Organization: On July 28, 2011, the Partnership entered into an agreement and plan of merger (the “Merger Agreement”) with AIMCO Properties, L.P., a Delaware limited partnership, and AIMCO CCP IV Merger Sub LLC, a Delaware limited liability company of which AIMCO Properties, L.P. is the sole member (the “Merger Subsidiary”), pursuant to which the Merger Subsidiary will be merged with and into the Partnership, with the Partnership as the surviving entity.

 

In the merger, each unit of limited partnership interest (each, a “Unit”) of the Partnership outstanding immediately prior to the consummation of the merger (other than Units held by limited partners who perfect their appraisal rights pursuant to the Merger Agreement) will be converted into the right to receive, at the election of the limited partner, either (i) $57.44 in cash (the “Cash Consideration”) or (ii) a number of partnership common units of AIMCO Properties, L.P. calculated by dividing $57.44 by the average closing price of Aimco common stock, as reported on the New York Stock Exchange, over the ten consecutive trading days ending on the second trading day immediately prior to the effective time of the merger.

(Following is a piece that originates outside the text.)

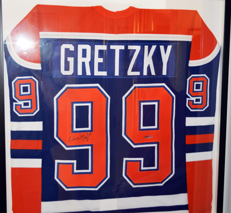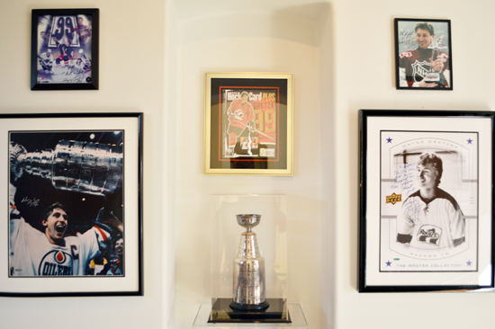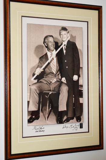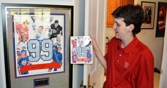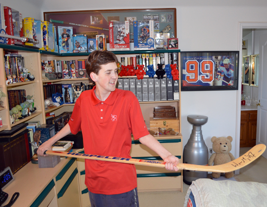 Jeffrey holds one of his many Gretzky signed sticks in one of the rooms of his house dedicated to “The Great One.”
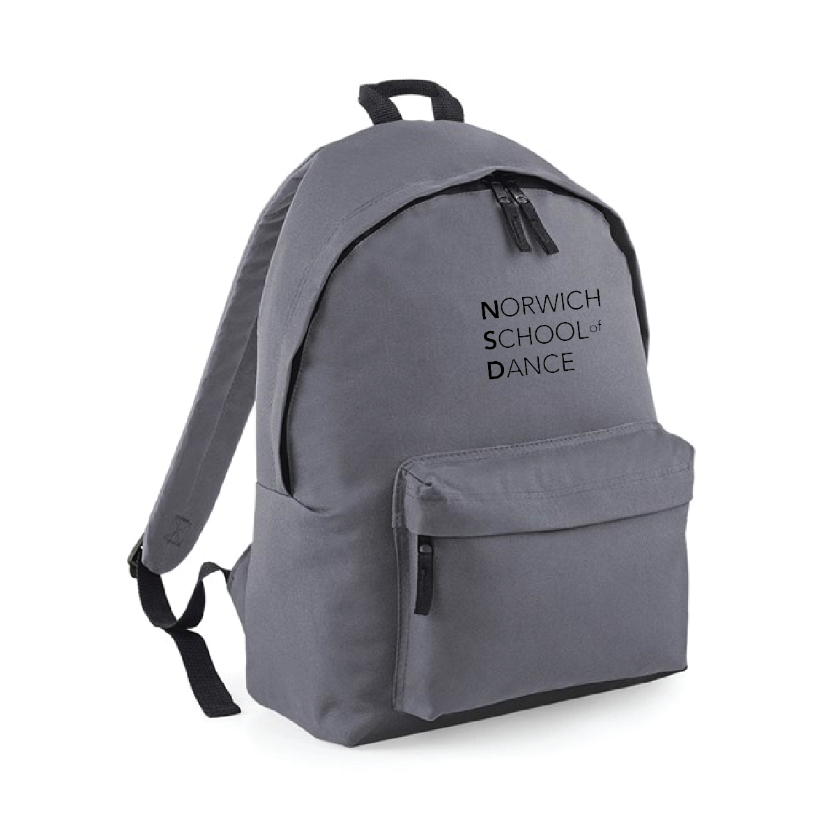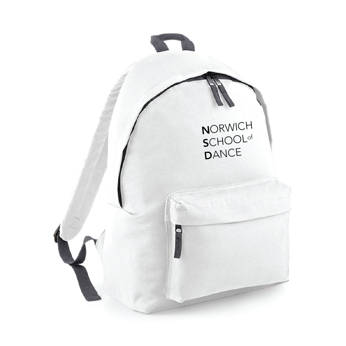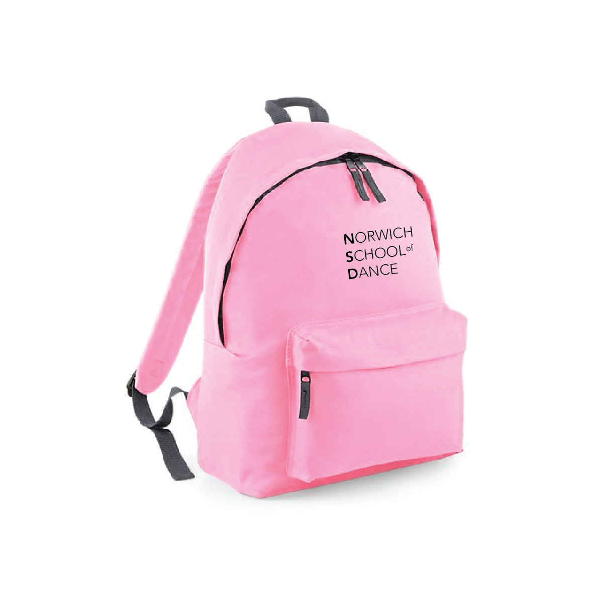Norwich School of Dance or 'Dancer" Print to Front Zippered front pocket Padded adjustable shoulder straps

However, if AIMCO Properties, L.P. determines that the law of the state or other jurisdiction in which a limited partner resides would prohibit the issuance of partnership common units of AIMCO Properties, L.P. in that state or other jurisdiction (or that registration or qualification in that state or jurisdiction would be prohibitively costly), then such limited partner will only be entitled to receive the Cash Consideration for each Unit. Those limited partners who do not make an election will be deemed to have elected to receive the Cash Consideration.

 

In the merger, AIMCO Properties, L.P.’s membership interest in the Merger Subsidiary will be converted into Units of the Partnership. As a result, after the merger, AIMCO Properties, L.P. will be the sole limited partner of the Partnership, holding all outstanding Units. CEI will continue to be the general partner of the Partnership after the merger, and the Partnership’s partnership agreement in effect immediately prior to the merger will remain unchanged after the merger.

 

Completion of the merger is subject to certain conditions, including approval by a majority in interest of the limited partners holding Units. In addition, the terms of the merger may be modified before the merger is completed. As of September 30, 2011 and December 31, 2010, the Partnership had issued and outstanding 342,759 Units, and AIMCO Properties, L.P. and its affiliates owned 237,778.5 of those Units, or approximately 69.4% of the number of outstanding Units. AIMCO Properties, L.P and its affiliates have indicated that they intend to take action by written consent to approve the merger.